Mark Mizruchi is the Robert Cooley Angell Collegiate Professor of Sociology at the University of Michigan. He also holds an appointment as Professor of Management and Organizations at the University of Michigan Ross School of Business. His research has focused on the political activity of the U.S. corporate elite over the 20th and 21st centuries. He was influential in the development of social network analysis, and has published research in the fields of organizational theory, economic sociology, and political sociology. (June 2025)

1. In your Theory and Society article you argue that the near universally accepted assumption that a unified economic elite is more effective and powerful, no longer holds. You pull together diverse types of evidence in an unbiased way to make the case for the plausibility of a set of rich and nuanced postulates regarding the behavior and power of elites. Would it be fair to say that your article exemplifies the type of value-neutral non-politicized approach to the development of explanatory theory that has largely been abandoned by recent sociology?

I suspect that the proportion of sociological work that is deliberately ideological, in that its analyses and conclusions are driven by "social justice" concerns, has probably increased over the past three decades. I wouldn't say that intendedly non-politicized or value-neutral work has been abandoned, however. Most of my colleagues, for example, even those whose work is motivated by social justice concerns, continue to conduct serious and high-quality scholarship, in which they uncover "truths" about the social world. Many of the problems in sociology occur in our evaluation of research rather than our conduct of it. The almost complete absence of ideological diversity means that certain assumptions and findings, especially those involving race and gender, aren't questioned, which means that a lot of low-quality work gets accepted as correct because its conclusions fit the prevailing narrative.  Seemingly smart people seem to lose all critical perspective when findings accord with their worldview and/or political perspective. When a sociologist has the guts to report findings that question the accepted wisdom, however, he or she is typically excoriated, regardless of the quality of the work. In these cases, many of the same people who uncritically accepted more "palatable" findings on the same topic suddenly become fierce and incisive critics. I don't think that ideological diversity is necessarily the solution. How exactly are we going to convince conservative college students to get PhDs in sociology? I do think that existing sociologists, whatever their political views, need to make greater efforts to look honestly at the world and be willing to be critical of every piece of scholarship, even if its findings otherwise reinforce their worldviews. In other words, we need to be better at monitoring ourselves.
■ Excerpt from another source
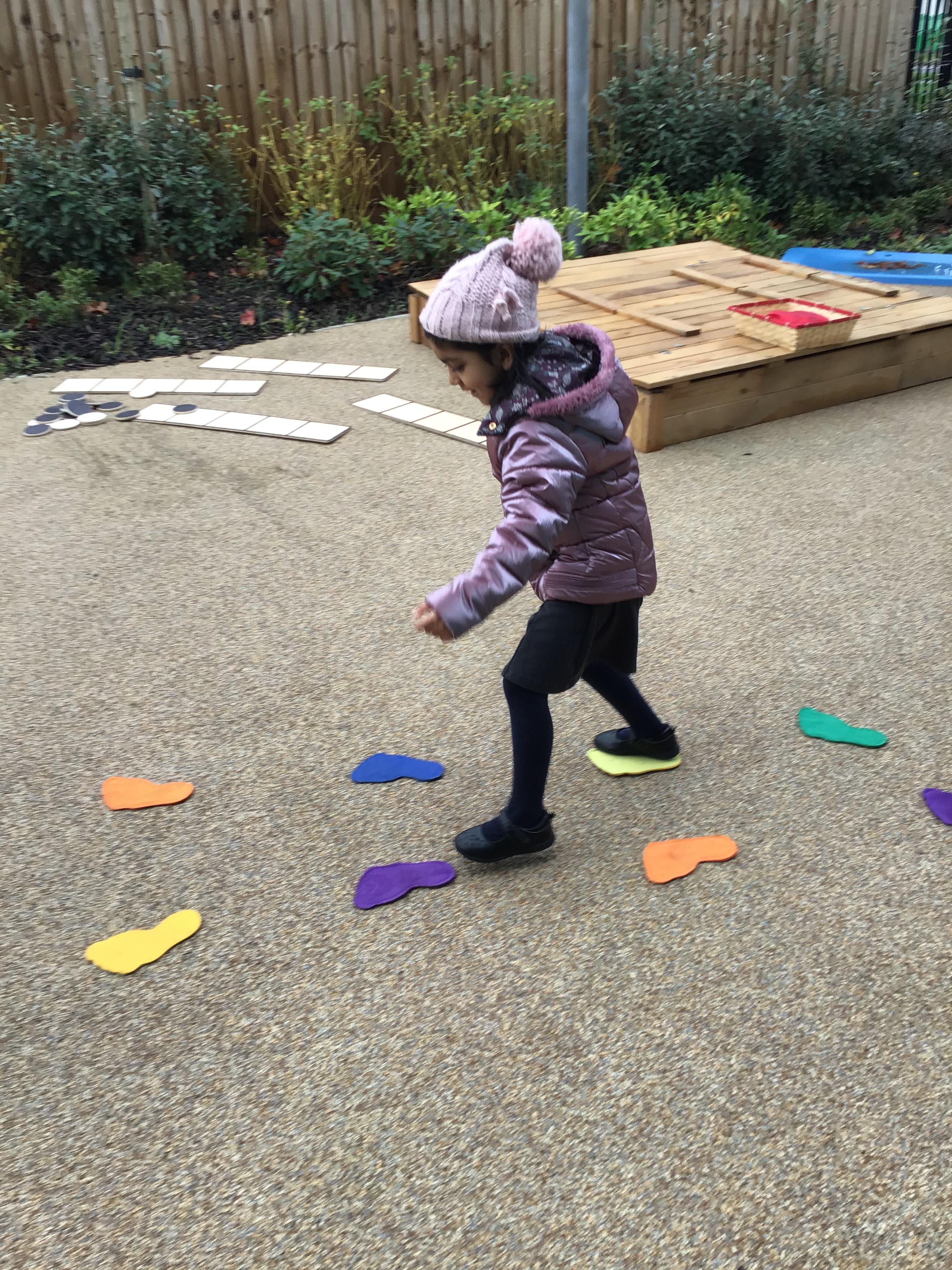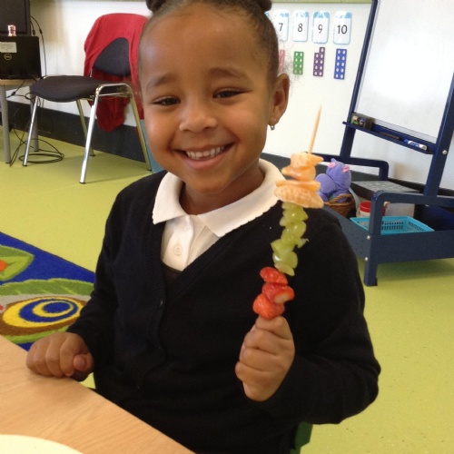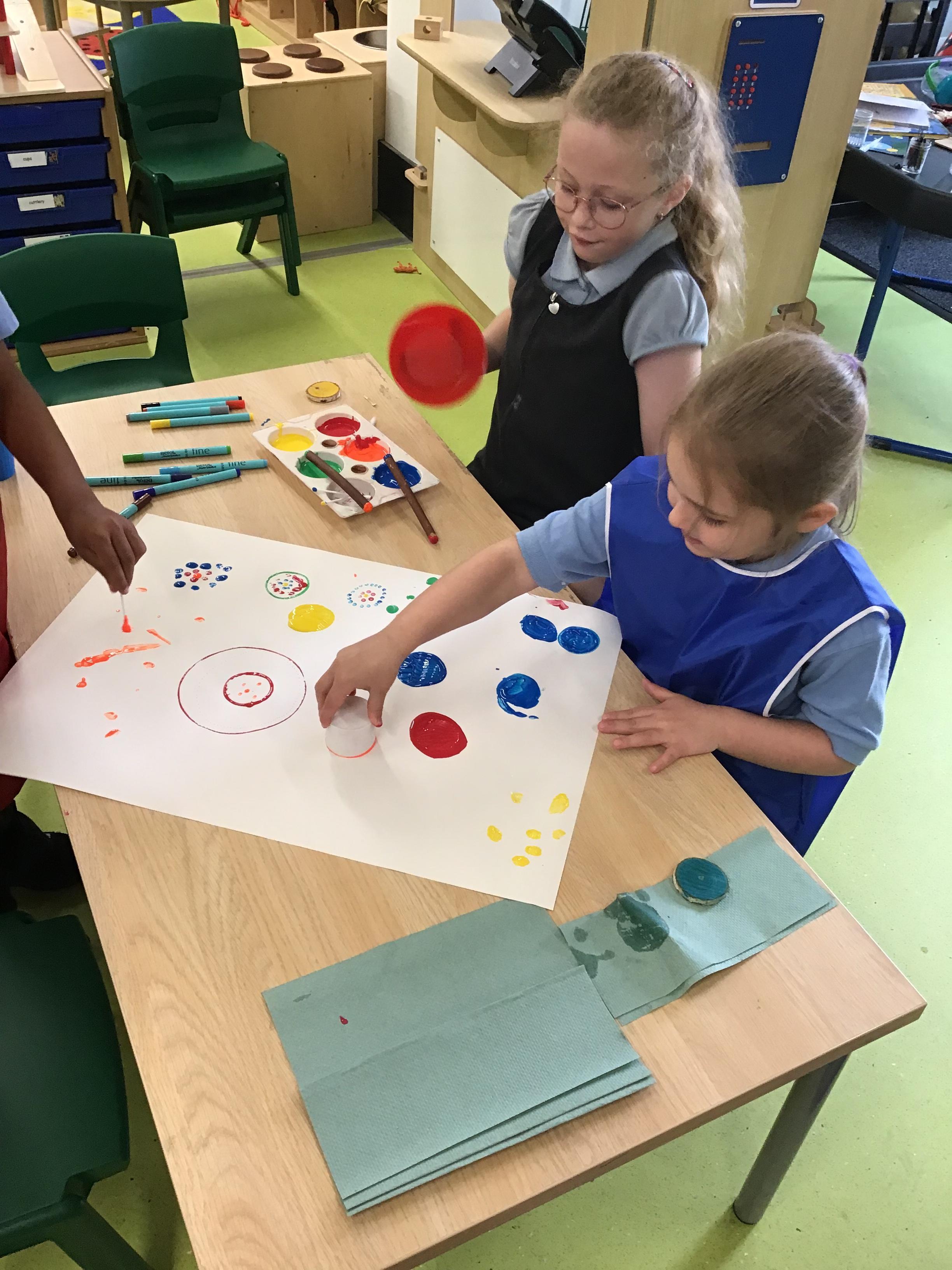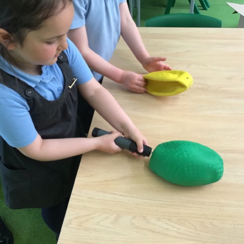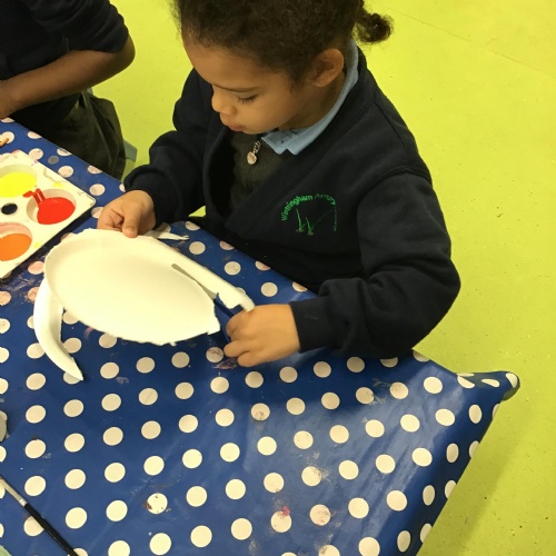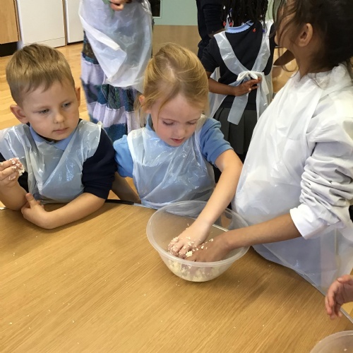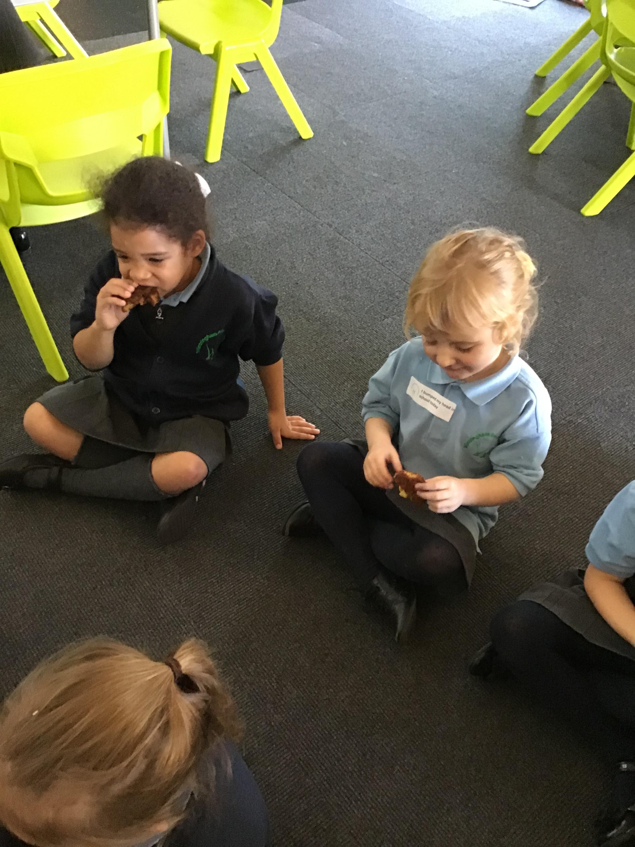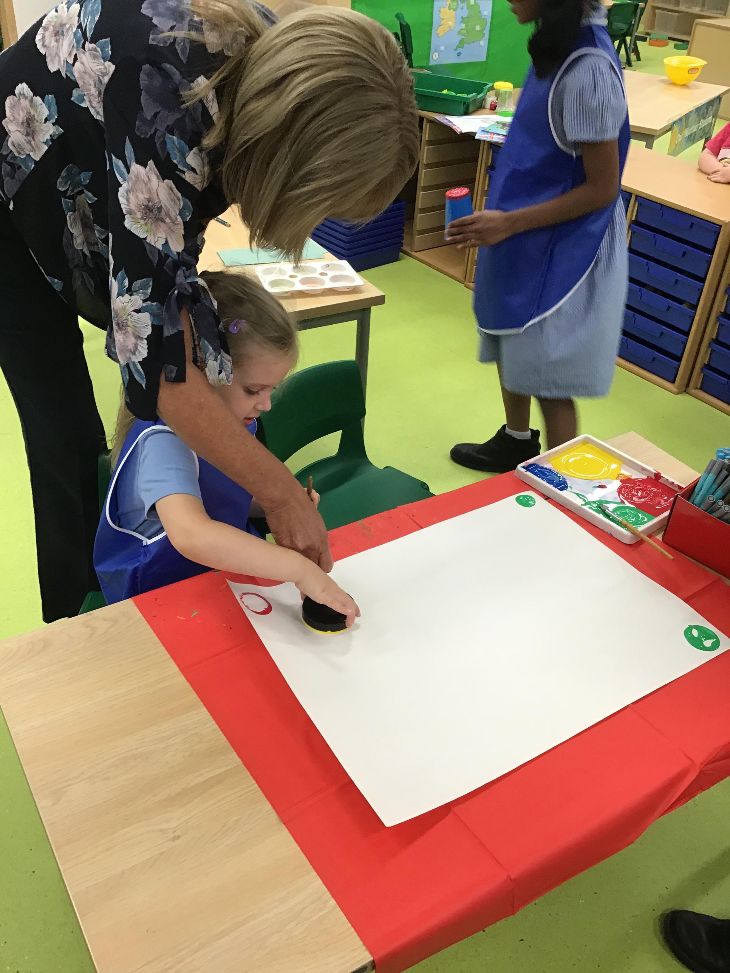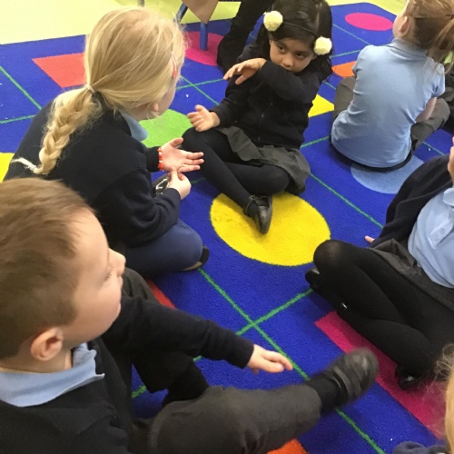 This week, the children have continued learning about the topic of food. As a class, we investigated what would happen when we put warm water over skittles. The children were firstly shown the equipment for the experiment and were asked to discuss what they thought we might be doing. The experiment was then set up and the children made some predictions about what they thought might happen, including 'There will be a rainbow on the plate' and 'The colour is going to come off the skittles'. After the water had been added to the skittles, the children were excited to see a rainbow start to appear and were then asked to make a comment about what they could see, e.g. 'The colours gone off the bottom onto the plate' and 'The colour is going into the middle, it's moving'. The children have also listened to the story Handa’s Surprise. They talked about the story, thinking about the characters and the plot. The children then tried some of the different fruits that appeared in the story, finally making fruit skewers using them. The children had to cut some of the fruit using a plastic knife. To celebrate the Hindu festival of Diwali, the children each made their own Diva lamp. They were given a ball of clay and had to use their thumbs to make an indent in it in order to fit a tea light. They created patterns around the edge using tools and then once it had dried, were able to paint and add glitter to it. I hope you are enjoying these at home. For our outdoor learning this week, the children worked with the children from class 2 to complete a photo scavenger hunt to familiarise themselves with the grove which is in the centre of the school building. They also created their own chalk paths and handprint artwork. Next week the children will be learning to read the tricky words 'no' and ‘into’ and will be learning the sounds l/ll, ss and j in our phonics sessions. We are currently in the process of setting up the fruit and vegetable initiative from the government where each child will receive a healthy snack every day. In the meantime, if your child would like to bring a piece of fruit or vegetable for a mid-morning snack please put this in their book bag. Thank you and I hope you all have a great weekend

2. You and others have said that there are pockets of sociologists doing serious empirical work, and that the quality and rigor of this research is stronger today than it was in earlier decades. How can a sociological specialty or sub-field flourish if there are a small number of high caliber studies and a long tail of scientific junk? Doesn't  progress require theorists to develop new concepts, methodologists to refine techniques, worker bees to develop and refute the theories, etc.?
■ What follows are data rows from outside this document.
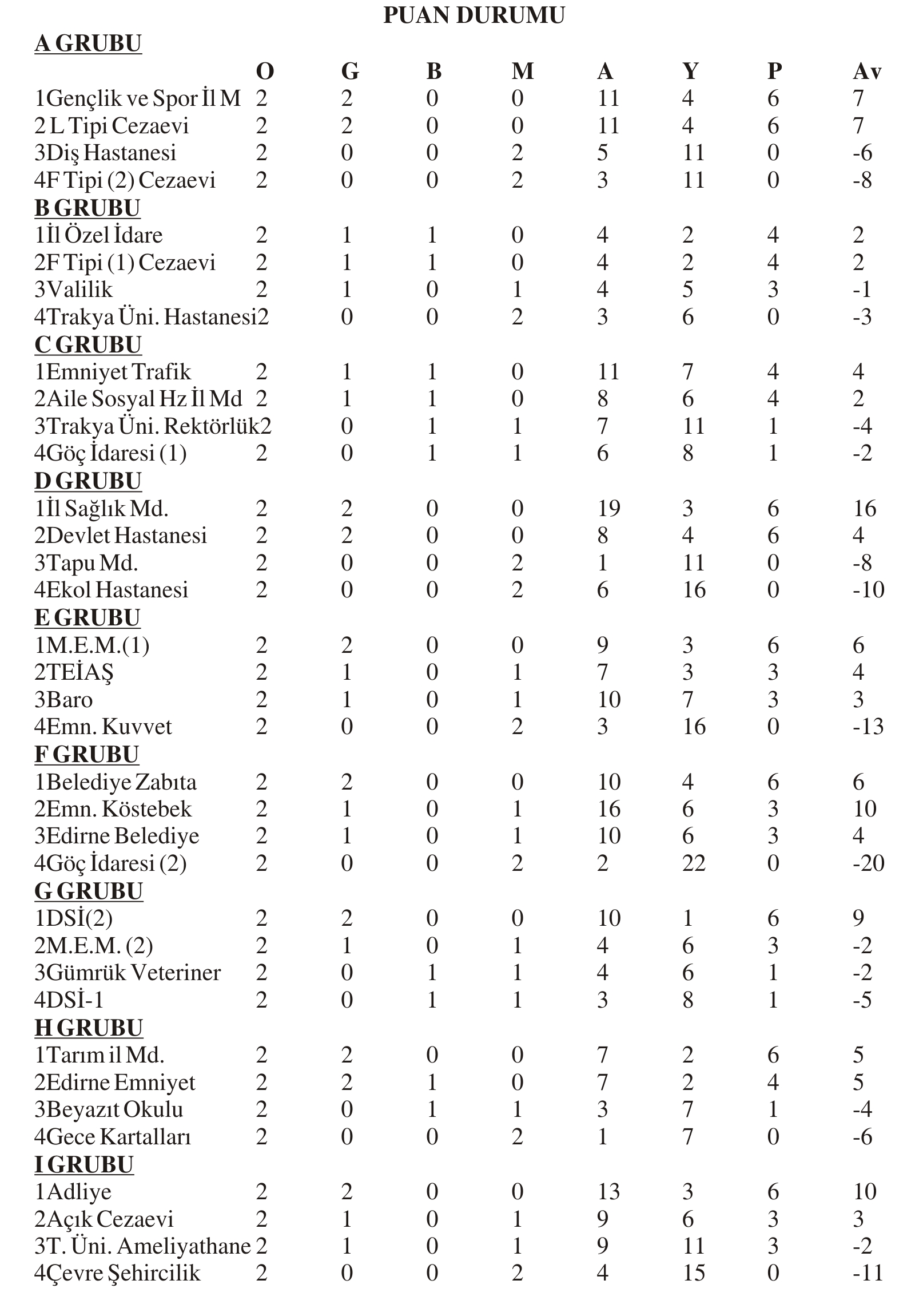 Türkiye Futbol Federasyonu (TFF) Edirne İl Temsilciliği ile Edirne Gençlik ve Spor İl Müdürlüğü’nce düzenlenen Edirne Gençlik Haftası Kurum ve Ku-ruluşlararası Halı Saha Futbol Turnuvası’nda 2. hafta maçları ta-mamlandı.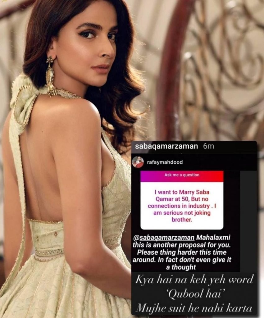 “I want to marry Saba Qamar at 50, But no connections in industry. I am serious not joking brother,” wrote a fan on influencer Rafay Mahdood’s Instagram Q&A stories.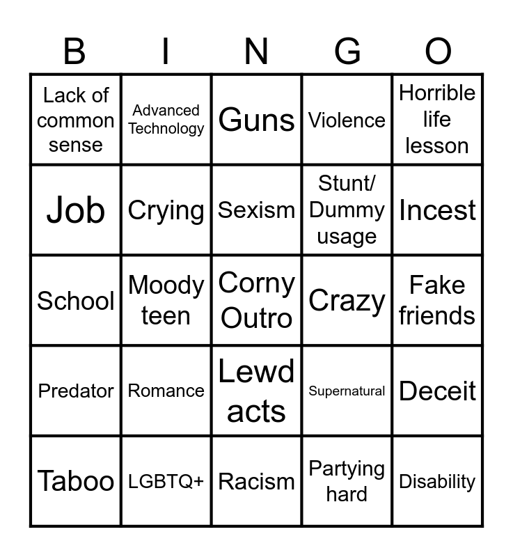 This bingo card has a free space and 25 words: Romance, Racism, Sexism, Taboo, Horrible life lesson, Lack of common sense, Job, Advanced Technology, Crazy, Lewd acts, Stunt/ Dummy usage, School, Supernatural, Deceit, Crying, Abuse, Fake friends, Guns, Incest, Moody teen, Disability, LGBTQ+, Predator, Violence and Partying hard.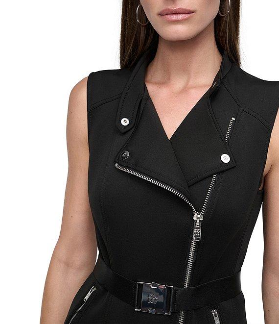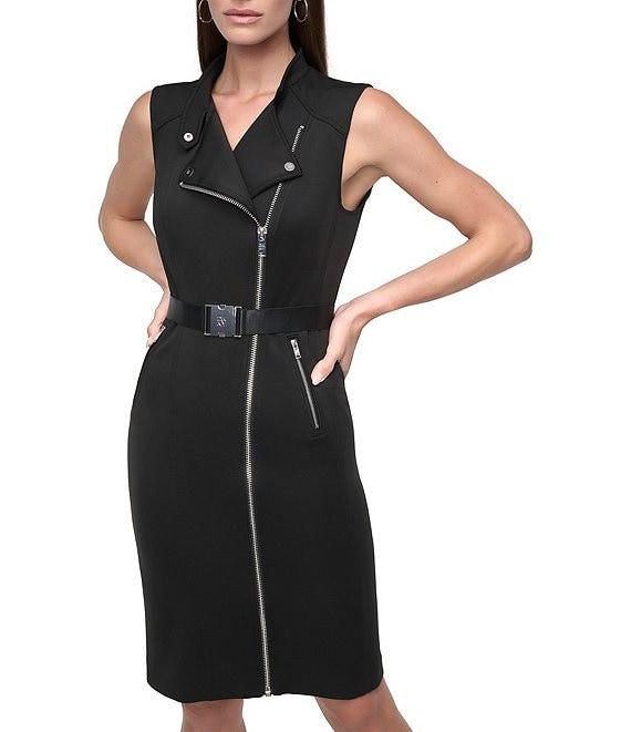 DKNY by Donna Karan Knit Notch Collar Neck Sleeveless Buckle Belt Front Zipper Sheath Mini Dress

My guess is that the majority of work in most scientific fields is not very important or enlightening. That's just the nature of academic work. So the existence of a long tail is not a problem per se. In sociology, however, the long tail is heavily populated with work that is driven by social justice concerns rather than efforts to understand the world.  [As an aside, the term "social justice," as used by most sociologists, assumes that there's a consensus on what "justice" actually is. There isn't. One person might view admitting a less-prepared minority student over a more-prepared non-minority student as a just act. Another might view it as unjust. Sociologists' use of the term justice almost always refers to actions consistent with their particular political views.]  But back to your question. The quality of today's sociological scholarship at the highest level is generally very strong, in that it requires levels of technical expertise that did not exist in earlier decades, either because the methods hadn't been developed or because the increased standards of evidence hadn't yet been widely disseminated. Even the high quality work is slanted by sociologists' political orientations, however, in two ways: First, findings that run counter to wokeness are either not reported or are rejected by reviewers (see my earlier point about sociologists' selective application of their critical faculties). Second, the topics that sociologists study are strongly slanted toward their political perspectives (the emphasis on police treatment of blacks, for example, but the almost complete absence of work on black on black crime).

3. It is no longer only dissidents who are speaking out that much of sociology is political advocacy under the guise of scholarship, and that only studies that reach the politically and ideologically "correct" conclusions are accepted. Some go so far as to say that the whole enterprise is rotten. You cite Doug Massey's view that the way to discredit theories you do not like is to confront them directly, test them rigorously and prove them wrong. Is this approach even possible today? What solutions would you recommend, and what direction would you propose for the field?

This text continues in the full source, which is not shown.